Dunker v. Brown County Board of Education

BIEGELMEIER, J.

(dissenting). I agree the judgments appealed from should be reversed for the reason stated in Judge HANSON'S dissenting opinion, that is, the County Board had authority to reconsider its resolution before any other steps had been taken to implement it and further, accepting the guide for review in the majority opinion the County Board's first resolution approving the reorganization as to 12 of the 26 districts voting in favor of the plan was such an abuse of discretion as to be reviewable by the court.

Merely crowding more students into unsatisfactory quarters is no improvement and does not meet the legislative intent or the standards of a better school, which is the goal of the reorganization program. I believe the pupils and patrons of this area are entitled to better school facilities than those in the Board's presently approved plan and one that will meet their own and state standards. The County Board's consulting experts on education contemplated and prepared, and the Board after much study and discussion adopted, plans and standards of reorganization of its *211school districts in accord with state law. See SDC 1960 Supp. 15.2007(3) as to taxable property requirements. The Board had set up a minimum of a $5 million tax basis. The voters voted on an approved $6.7 million tax basis; they are getting about half of that. I cannot but feel that the proposed district is not feasible, i. e., capable of being utilized successfully in accord with state standards and the Board abused its discretion in approving this small district.
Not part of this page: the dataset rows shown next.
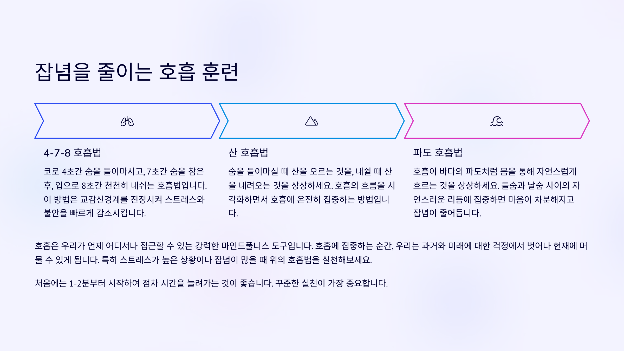 호흡은 언제 어디서나 할 수 있는 최고의 마인드풀니스 도구예요. 마음이 산만하거나 감정이 격할 때 가장 빠르게 안정시키는 방법이 바로 ‘호흡 알아차림’이죠.
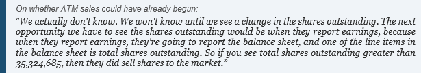 The analyst was asked directly whether the at-the-market equity facility established on March 27, 2026, represented a live relief valve for the squeeze. His response identified the MNPI constraint as the primary barrier, consistent with our analysis, though stopping short of the four additional hard stops documented in our original 424B5 forensic review.
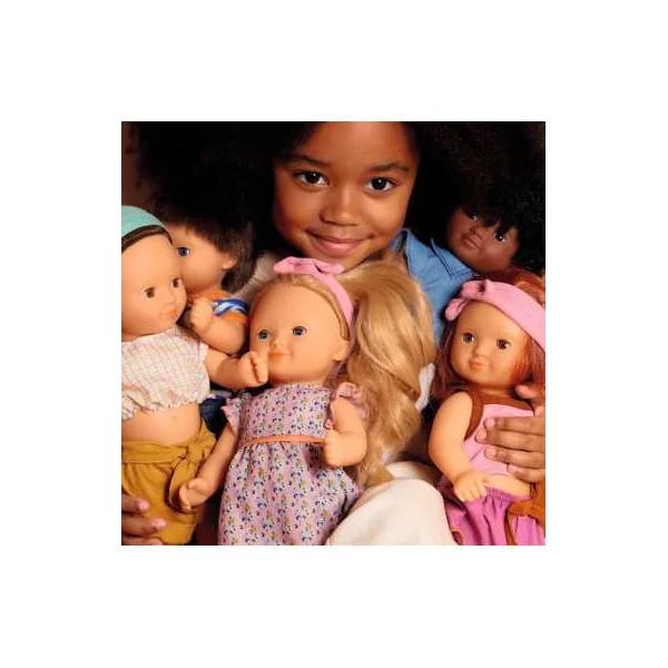 Une belle poupée aux yeux dormeurs, aux cheveux en nylon et vêtue de vêtements amples avec scratch pour faciliter l’habillage.
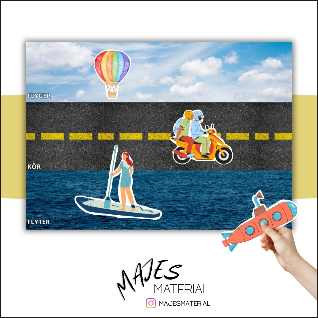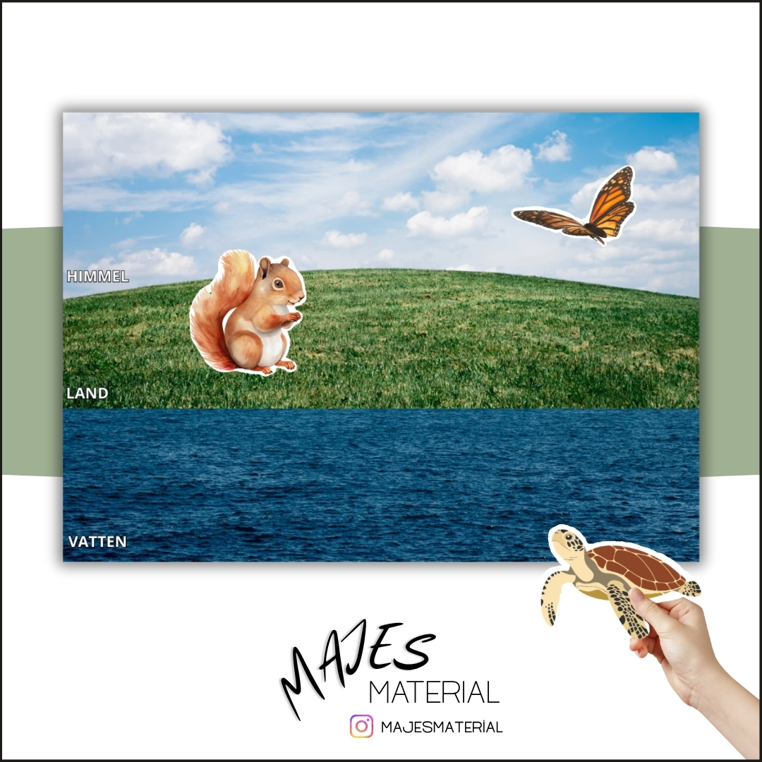 Skriv ut, klipp ut djuren/fordon, laminera och lägg ut djur/fordon på de platser de hör hemma.
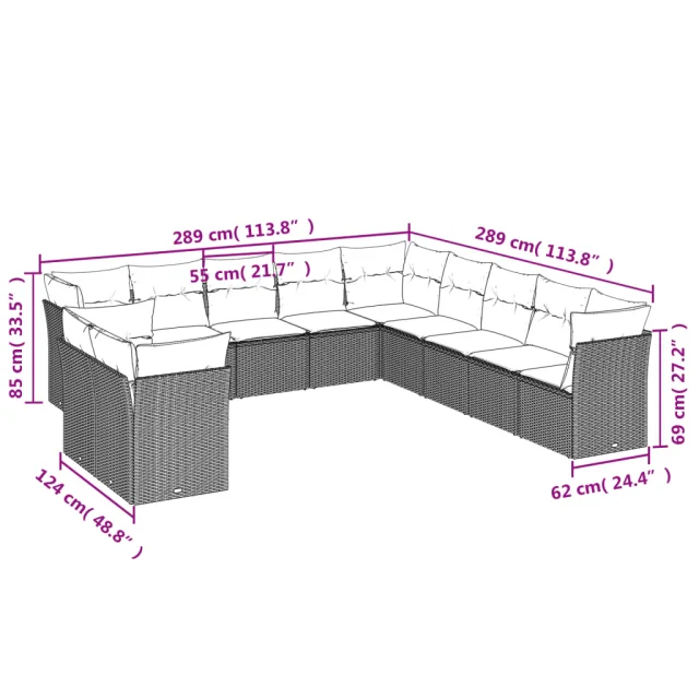 • Dimenzije kavča z 9 sedeži: 289 x 289 x 69 cm (Š x G x V)

This court in Thies v. Renner, 78 S.D. 617, 106 N.W.2d 253, refused injunctive relief in a school reorganization dispute because a right of review existed under the provisions of SDC 1960 Supp. 15.2023 and here repeats that pronouncement. That same SDC 1960 Supp. 15.2023 and another section SDC 1960 Supp. 15.2344, both cited in the majority opinion remain in the Code, but the scope of review has now been further limited in effect to be of no practical efficacy in school reorganization proceedings.